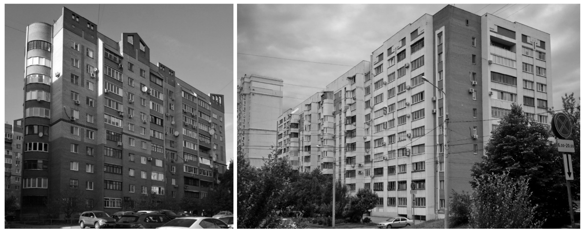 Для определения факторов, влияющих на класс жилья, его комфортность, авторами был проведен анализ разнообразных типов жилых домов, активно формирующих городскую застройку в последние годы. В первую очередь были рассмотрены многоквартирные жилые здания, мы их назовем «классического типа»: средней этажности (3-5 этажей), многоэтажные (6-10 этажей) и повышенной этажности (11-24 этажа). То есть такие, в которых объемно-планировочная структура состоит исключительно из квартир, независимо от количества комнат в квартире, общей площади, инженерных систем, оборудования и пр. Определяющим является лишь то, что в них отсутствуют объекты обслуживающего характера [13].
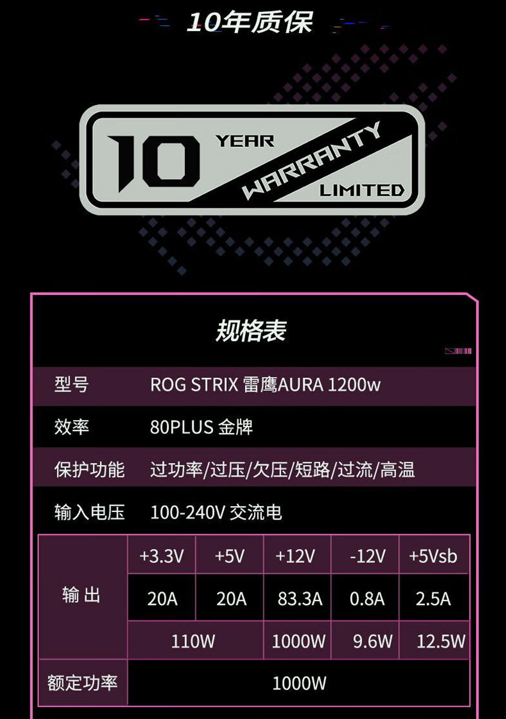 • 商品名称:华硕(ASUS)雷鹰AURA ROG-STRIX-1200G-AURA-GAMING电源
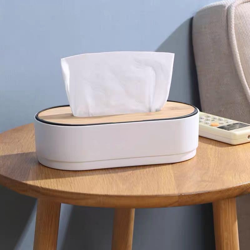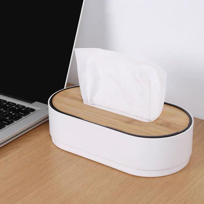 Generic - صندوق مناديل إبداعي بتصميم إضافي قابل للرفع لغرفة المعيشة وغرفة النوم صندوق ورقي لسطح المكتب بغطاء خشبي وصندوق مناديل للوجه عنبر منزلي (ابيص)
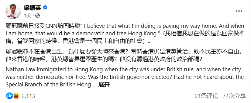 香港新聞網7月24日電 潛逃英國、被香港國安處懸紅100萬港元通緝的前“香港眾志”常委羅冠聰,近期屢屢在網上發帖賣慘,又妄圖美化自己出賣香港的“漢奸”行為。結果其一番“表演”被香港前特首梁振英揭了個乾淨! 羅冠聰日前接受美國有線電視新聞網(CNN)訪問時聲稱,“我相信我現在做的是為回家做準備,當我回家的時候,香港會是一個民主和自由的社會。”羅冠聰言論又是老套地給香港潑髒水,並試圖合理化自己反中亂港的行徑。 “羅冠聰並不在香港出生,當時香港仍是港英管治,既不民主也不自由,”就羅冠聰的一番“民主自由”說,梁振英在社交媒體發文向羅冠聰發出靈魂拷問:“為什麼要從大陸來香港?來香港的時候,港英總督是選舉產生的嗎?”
==
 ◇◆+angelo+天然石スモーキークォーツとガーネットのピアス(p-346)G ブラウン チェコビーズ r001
* * *
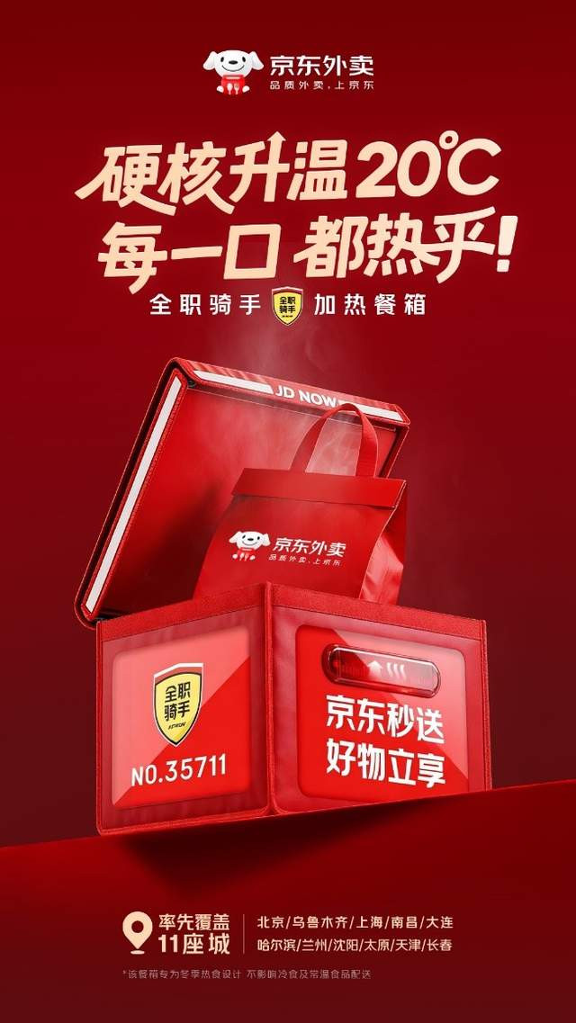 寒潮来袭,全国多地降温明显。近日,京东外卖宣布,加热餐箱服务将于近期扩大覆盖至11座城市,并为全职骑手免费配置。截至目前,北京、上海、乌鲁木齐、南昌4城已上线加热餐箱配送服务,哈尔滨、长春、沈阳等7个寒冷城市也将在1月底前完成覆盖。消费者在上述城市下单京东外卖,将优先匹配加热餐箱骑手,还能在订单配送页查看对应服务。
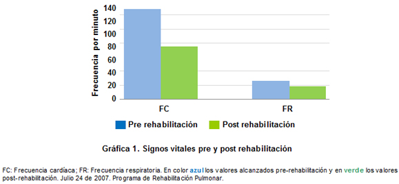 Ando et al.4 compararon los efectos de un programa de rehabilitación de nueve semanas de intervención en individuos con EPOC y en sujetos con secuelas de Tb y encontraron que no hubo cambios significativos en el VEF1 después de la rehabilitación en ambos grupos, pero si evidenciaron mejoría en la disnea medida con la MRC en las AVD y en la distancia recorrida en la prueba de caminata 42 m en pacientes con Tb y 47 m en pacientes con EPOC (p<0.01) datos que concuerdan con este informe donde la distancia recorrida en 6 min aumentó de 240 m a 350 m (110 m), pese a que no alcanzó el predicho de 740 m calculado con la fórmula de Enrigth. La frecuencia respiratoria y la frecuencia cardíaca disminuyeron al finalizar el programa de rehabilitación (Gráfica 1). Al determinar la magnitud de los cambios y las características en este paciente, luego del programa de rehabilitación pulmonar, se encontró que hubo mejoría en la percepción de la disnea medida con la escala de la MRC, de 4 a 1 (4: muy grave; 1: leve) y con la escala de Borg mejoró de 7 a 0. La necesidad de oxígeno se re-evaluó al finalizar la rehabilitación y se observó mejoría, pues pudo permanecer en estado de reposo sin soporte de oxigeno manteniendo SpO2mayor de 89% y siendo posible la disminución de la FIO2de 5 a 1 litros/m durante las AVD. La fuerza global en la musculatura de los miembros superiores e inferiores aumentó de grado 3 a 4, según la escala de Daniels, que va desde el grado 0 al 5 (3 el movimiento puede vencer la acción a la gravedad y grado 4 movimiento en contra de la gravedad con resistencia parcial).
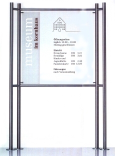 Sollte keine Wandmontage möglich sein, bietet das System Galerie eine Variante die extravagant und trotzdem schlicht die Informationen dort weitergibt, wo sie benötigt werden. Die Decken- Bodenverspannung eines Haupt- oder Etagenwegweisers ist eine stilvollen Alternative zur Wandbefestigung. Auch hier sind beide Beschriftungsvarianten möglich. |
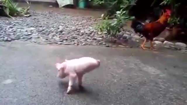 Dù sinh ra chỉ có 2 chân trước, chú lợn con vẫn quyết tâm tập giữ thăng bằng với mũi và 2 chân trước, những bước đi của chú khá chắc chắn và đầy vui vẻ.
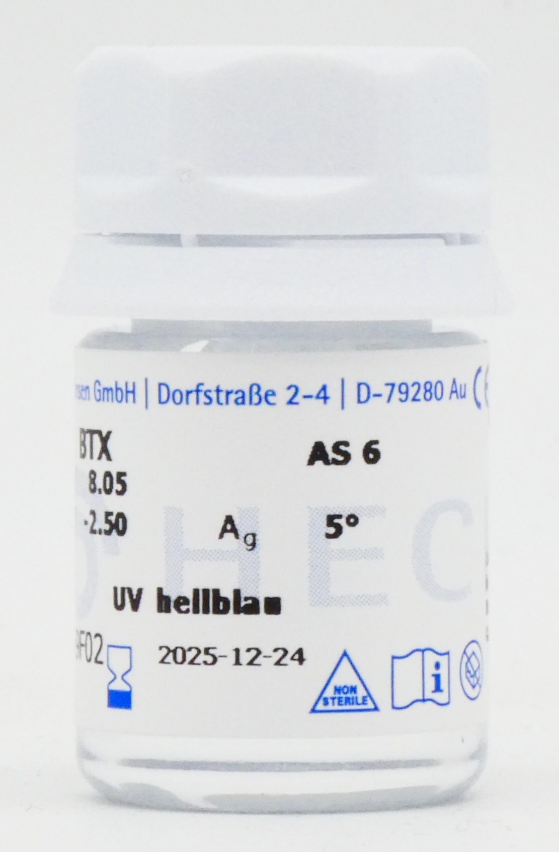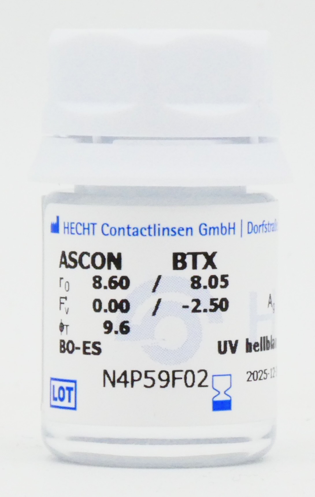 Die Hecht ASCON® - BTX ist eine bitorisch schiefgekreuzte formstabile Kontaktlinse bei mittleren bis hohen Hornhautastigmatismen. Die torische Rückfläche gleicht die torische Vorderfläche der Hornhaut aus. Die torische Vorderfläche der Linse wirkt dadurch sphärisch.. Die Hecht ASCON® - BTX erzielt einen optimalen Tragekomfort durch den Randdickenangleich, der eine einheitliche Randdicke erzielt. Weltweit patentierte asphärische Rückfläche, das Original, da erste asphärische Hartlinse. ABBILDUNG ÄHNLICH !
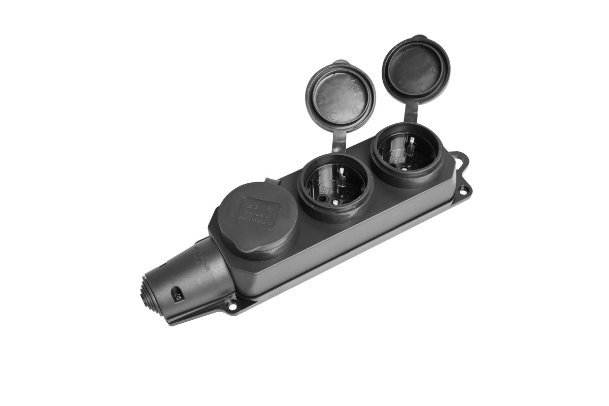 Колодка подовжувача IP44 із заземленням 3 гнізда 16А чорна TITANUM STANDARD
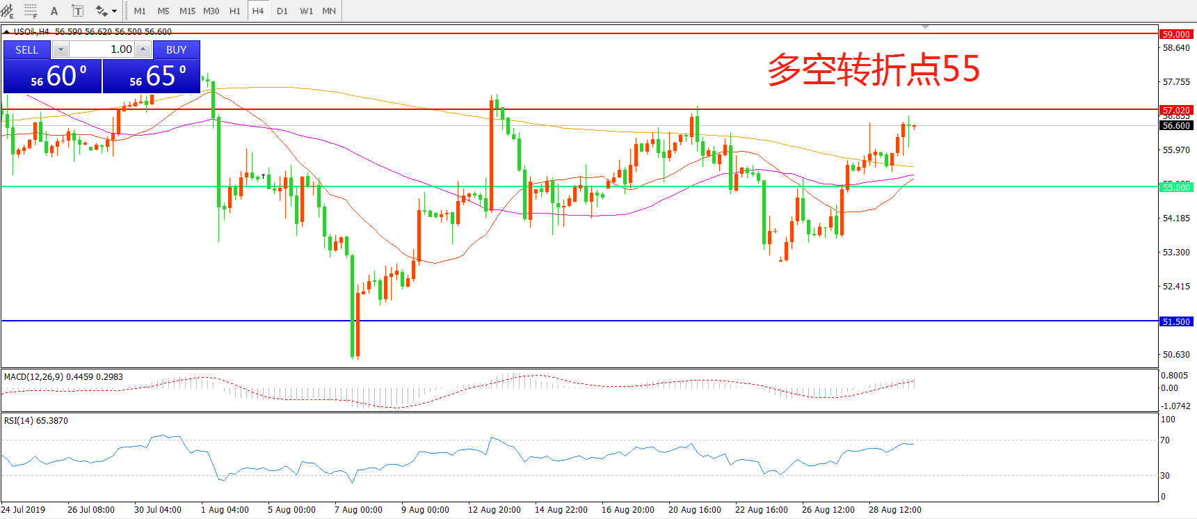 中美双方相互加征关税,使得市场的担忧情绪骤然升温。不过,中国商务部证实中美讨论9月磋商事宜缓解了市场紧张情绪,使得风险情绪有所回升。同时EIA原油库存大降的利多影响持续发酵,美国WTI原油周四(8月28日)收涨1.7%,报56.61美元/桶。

** Required work **
Above are the records. Copy only the lines from the one with "Die Hecht ASCON® - BTX ist" through the one with "中美双方相互加征关税,使得市", exactly, with no pictures.

** Result of this task **
 Die Hecht ASCON® - BTX ist eine bitorisch schiefgekreuzte formstabile Kontaktlinse bei mittleren bis hohen Hornhautastigmatismen. Die torische Rückfläche gleicht die torische Vorderfläche der Hornhaut aus. Die torische Vorderfläche der Linse wirkt dadurch sphärisch.. Die Hecht ASCON® - BTX erzielt einen optimalen Tragekomfort durch den Randdickenangleich, der eine einheitliche Randdicke erzielt. Weltweit patentierte asphärische Rückfläche, das Original, da erste asphärische Hartlinse. ABBILDUNG ÄHNLICH !
 Колодка подовжувача IP44 із заземленням 3 гнізда 16А чорна TITANUM STANDARD
 中美双方相互加征关税,使得市场的担忧情绪骤然升温。不过,中国商务部证实中美讨论9月磋商事宜缓解了市场紧张情绪,使得风险情绪有所回升。同时EIA原油库存大降的利多影响持续发酵,美国WTI原油周四(8月28日)收涨1.7%,报56.61美元/桶。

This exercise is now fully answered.